December 2013 – SQL And Its Sequels

Month: December 2013

The USA’s healthcare.gov site and LAMP

The USA’s health care exchange site, healthcare.gov, has had well-publicized initial woes.

The New York Times has said one of the problems was the government’s choice of DBMS, namely MarkLogic. A MarkLogic employee has said that “If the exact same processes and analysis were applied to a LAMP stack or an Oracle Exa-stack, the results would have likely been the same.”

I don’t know why he picked Exastack for comparison, but I too have wondered whether things would have been different if the American government had chosen a LAMP component (MySQL or MariaDB) as a DBMS, instead of MarkLogic.

What is MarkLogic?

The company is a software firm founded in 2001 based in San Carlos California. It has 250 employees. The Gartner Magic Quadrant classes it as a “niche player” in the Operational DBMS Category.

The product is a closed-source XML DBMS. The minimum price for a perpetual enterprise license is $32,000 but presumably one would also pay for support, just as one does with MySQL or MariaDB.

There are 250 customers. According to the Wall Street Journal “most of its sales come from dislodging Oracle Corp.”

One of the customers, since 2012 or before, is CMS (the Centers for Medicare and Medicaid), which is a branch of the United States Department of Health and Human Services. CMS is the agency that built the healthcare.gov online portal.

Is MarkLogic responsible for the woes?

Probably MarkLogic is not the bottleneck.

It’s not even the only DBMS that the application queries. There is certainly some contact with other repositories during a get-acquainted process, including Oracle Enterprise Identity management — so one could just as easily blame Oracle.

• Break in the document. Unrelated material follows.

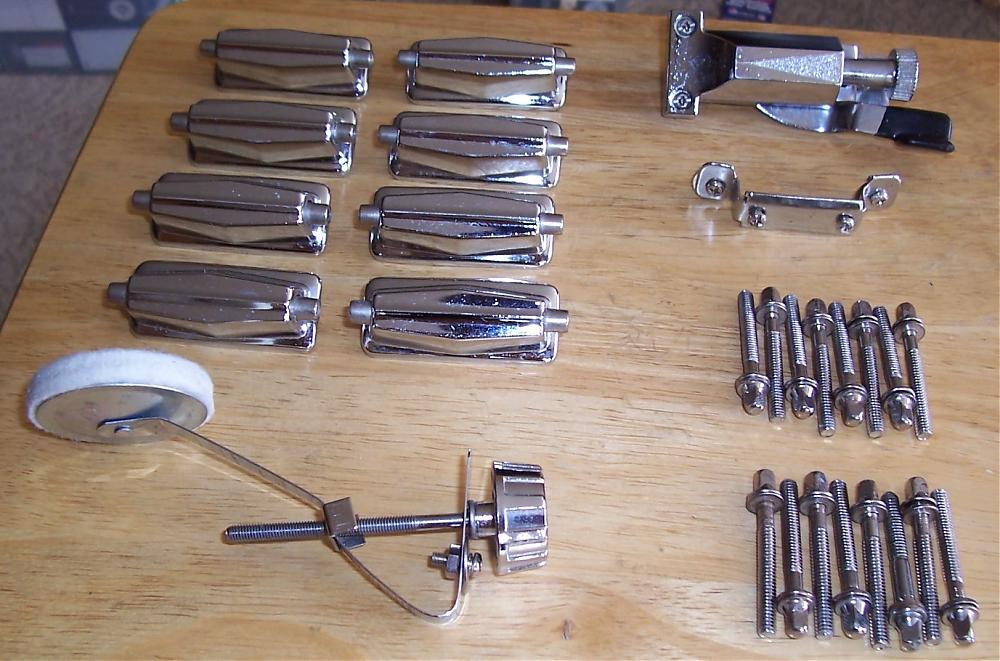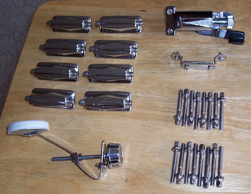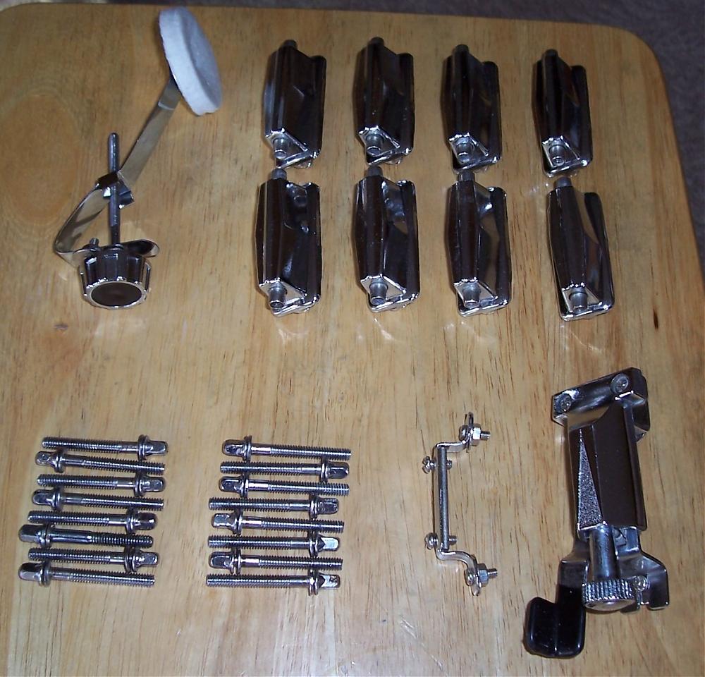 I've got some hardware that I want to get rid of that was removed from a MIJ snare drum. Included are 8 lugs (with mounting hardware), a strainer & butt, a muffler assembly and 16 rods w/washers. I haven't cleaned any of it but I'm sure it should clean up quite nicely.

There are multiple other vendors. USA Today mentions Equifax, Serco, Optum/QSSI, and the main contractor
CGI Federal.

A particular focus for critics has been a web-hosting provider, Verizon Terremark. They have been blamed for some of the difficulties and will eventually be replaced by an HP solution. HP also has a fairly new contract for handling the replication.

Doubtless all the parties would like to blame the other parties, but “the Obama administration has requested that all government officials and contractors involved keep their work confidential”.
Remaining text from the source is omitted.